## WORK ITEM
Transcribe every line of the material below without change, apart from dropping the pictures.
─── LISTED RECORDS ───
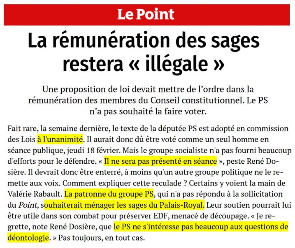 Dernier point, encore plus important. La rémunération illégale des membres du Conseil constitutionnel est intégralement cumulable avec une pension de retraite, ce qui n’est pas possible en général pour les retraités qui veulent exercer une activité, afin de ne pas creuser les déficits des régimes de retraite.
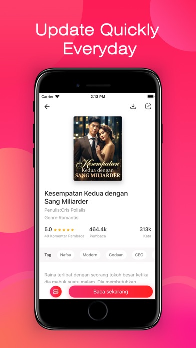 Ceriaca provides millions of high-quality novels including various kinds of book genres - There are both excellent native novels and translated novels here - Become An Author to get your writing dream come true **Read Best Romance Fiction!** [Key Features] * Many Many Books Provides both paid and free ebooks including romance, werewolf/vampire, billionaire, marriage, action, adventure, fantasy, young adult fiction, fanfiction, LGBT, classic, xuanhuan, wuxia novel & more original work. New stories updated daily! * Free Offer & Sale Free books and special offers; Free trial reading chapters and episodes; Free vouchers for you to buy paid ebooks and chapters. * Customizable Reading Features Build up your own bookshelf and enrich your collections. Real paper book simulation, text size adjustment, night theme and more for you to find the best reading style. * Read Books Offline Save and preload your favourite stories and take them with you wherever you go, even when you're offline. Import books from your phone and read EPUB files, text documents, UMD files and other 30 file formats of e-books * Audiobooks Listen to all your favourite ebooks with our easy to use audiobook player. About Auto-Renewable Subscriptions - Auto-renewable subscriptions in the app include Check-in Coins Packs. - Daily Coins Bundle: $5, $10 and $15 - Payment: The purchase will be charged to your iTunes account. - Renewal: When you subscribe to check-in coins pack, your subscription will renew automatically. You'll be charged at the start of each billing cycle until you cancel your subscription. Subscriptions are automatically charged each billing period, whether monthly or another period, and you may be charged no more than 24 hours before the beginning of each billing period. - Cancellation: You may cancel a subscription at any time more than 24 hours before your renewal date. - Privacy Policy: https://staticpage-en.cdreader.com/ID/AppPrivacyPolicy.html?client_proid=221&mt=1 -Subscription Terms and Conditions: https://staticpage-en.cdreader.com/ID/membership_service.html?client_proid=221&mt=1 - Terms of Use: https://staticpage-en.cdreader.com/ID/termsofservice.html?client_proid=221&mt=1
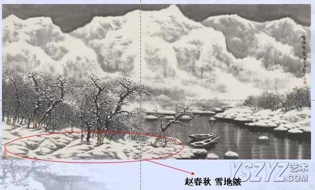 小贴士:画雪地皴的时候,注意笔里的水分,要求墨色由浓到淡过度自然,可以在试笔纸上反复试验,有把握了再画。
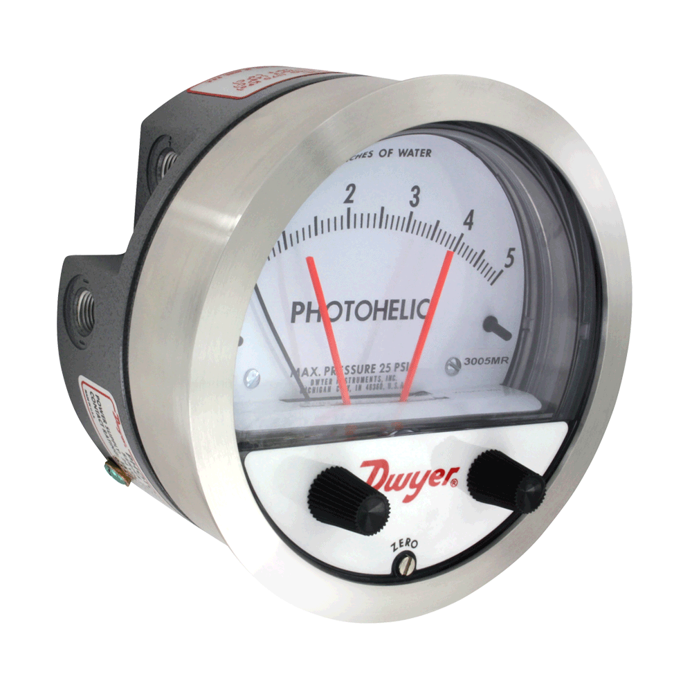 3000MR 3000MRS Photohelic? 差壓表的精度是±2%, 開關的重復精度是±1%,回差小于1%,比指針的寬度還窄。它可用于空氣或其它不可燃,無腐蝕的氣體,耐壓到25psig(1.725bar)。有耐壓35 psig(2.42bar)或耐壓80 psig (5.51bar)的特別結構選項。
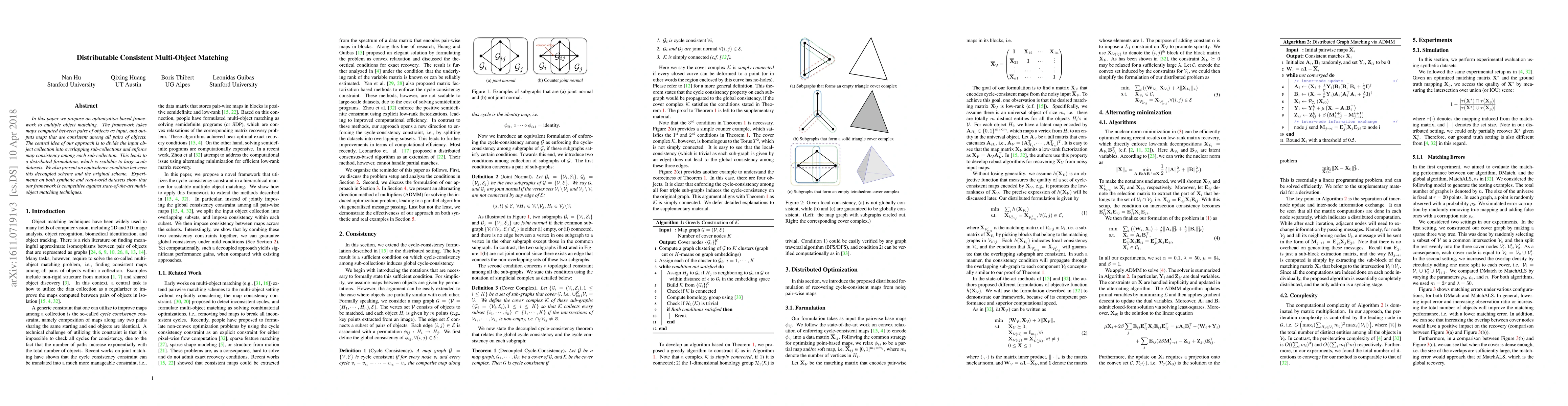 This paper introduces an optimization-based framework for multi-object matching, dividing object collections into overlapping subsets to ensure consistent map outputs. It presents a distributed formulation scalable for large datasets and proves equivalence with the original scheme. Experiments demonstrate competitiveness with existing multi-object matching techniques.
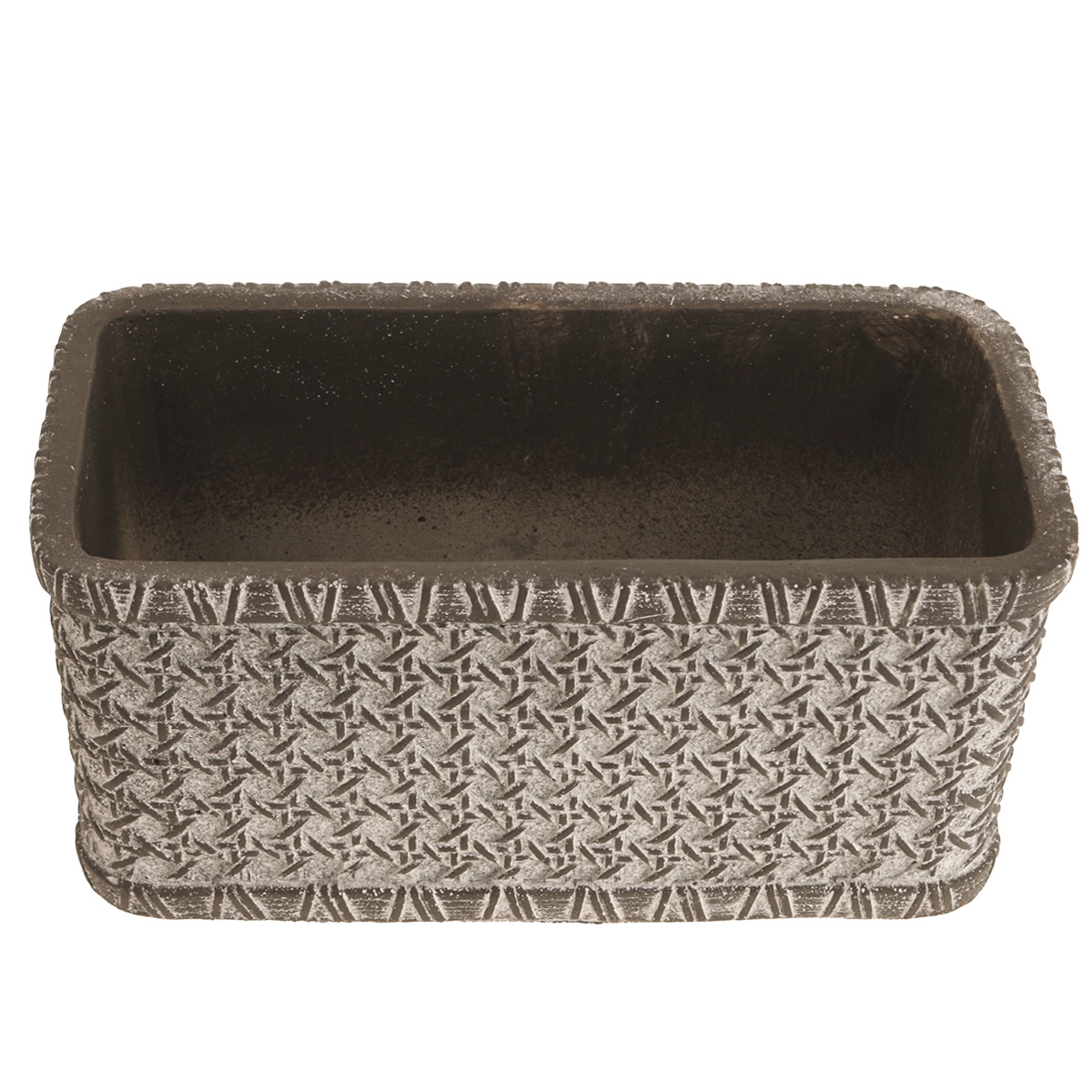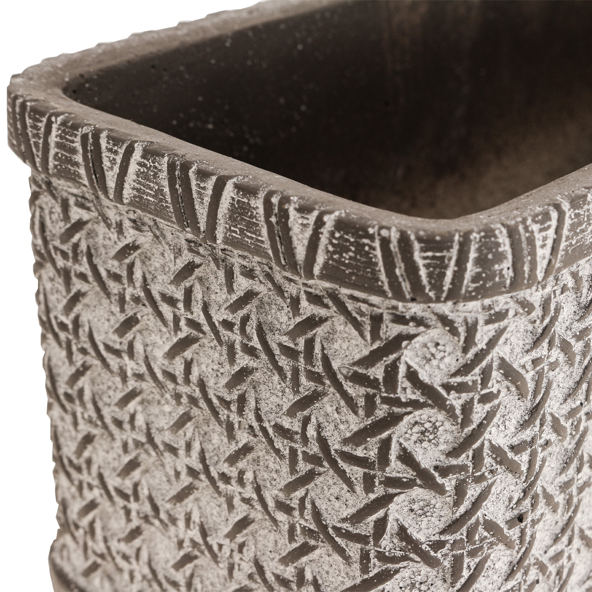 Innsiden av den keramiske potten er grå og brun og bør kles med folie før planting for å sikre at det ikke slipper ut vann. Det pregede flettemønsteret er vasket hvit-grå og er derfor imponerende.
───
## TASK OUTPUT
 Dernier point, encore plus important. La rémunération illégale des membres du Conseil constitutionnel est intégralement cumulable avec une pension de retraite, ce qui n’est pas possible en général pour les retraités qui veulent exercer une activité, afin de ne pas creuser les déficits des régimes de retraite.
 Ceriaca provides millions of high-quality novels including various kinds of book genres - There are both excellent native novels and translated novels here - Become An Author to get your writing dream come true **Read Best Romance Fiction!** [Key Features] * Many Many Books Provides both paid and free ebooks including romance, werewolf/vampire, billionaire, marriage, action, adventure, fantasy, young adult fiction, fanfiction, LGBT, classic, xuanhuan, wuxia novel & more original work. New stories updated daily! * Free Offer & Sale Free books and special offers; Free trial reading chapters and episodes; Free vouchers for you to buy paid ebooks and chapters. * Customizable Reading Features Build up your own bookshelf and enrich your collections. Real paper book simulation, text size adjustment, night theme and more for you to find the best reading style. * Read Books Offline Save and preload your favourite stories and take them with you wherever you go, even when you're offline. Import books from your phone and read EPUB files, text documents, UMD files and other 30 file formats of e-books * Audiobooks Listen to all your favourite ebooks with our easy to use audiobook player. About Auto-Renewable Subscriptions - Auto-renewable subscriptions in the app include Check-in Coins Packs. - Daily Coins Bundle: $5, $10 and $15 - Payment: The purchase will be charged to your iTunes account. - Renewal: When you subscribe to check-in coins pack, your subscription will renew automatically. You'll be charged at the start of each billing cycle until you cancel your subscription. Subscriptions are automatically charged each billing period, whether monthly or another period, and you may be charged no more than 24 hours before the beginning of each billing period. - Cancellation: You may cancel a subscription at any time more than 24 hours before your renewal date. - Privacy Policy: https://staticpage-en.cdreader.com/ID/AppPrivacyPolicy.html?client_proid=221&mt=1 -Subscription Terms and Conditions: https://staticpage-en.cdreader.com/ID/membership_service.html?client_proid=221&mt=1 - Terms of Use: https://staticpage-en.cdreader.com/ID/termsofservice.html?client_proid=221&mt=1
 小贴士:画雪地皴的时候,注意笔里的水分,要求墨色由浓到淡过度自然,可以在试笔纸上反复试验,有把握了再画。
 3000MR 3000MRS Photohelic? 差壓表的精度是±2%, 開關的重復精度是±1%,回差小于1%,比指針的寬度還窄。它可用于空氣或其它不可燃,無腐蝕的氣體,耐壓到25psig(1.725bar)。有耐壓35 psig(2.42bar)或耐壓80 psig (5.51bar)的特別結構選項。
 This paper introduces an optimization-based framework for multi-object matching, dividing object collections into overlapping subsets to ensure consistent map outputs. It presents a distributed formulation scalable for large datasets and proves equivalence with the original scheme. Experiments demonstrate competitiveness with existing multi-object matching techniques.
 Innsiden av den keramiske potten er grå og brun og bør kles med folie før planting for å sikre at det ikke slipper ut vann. Det pregede flettemønsteret er vasket hvit-grå og er derfor imponerende.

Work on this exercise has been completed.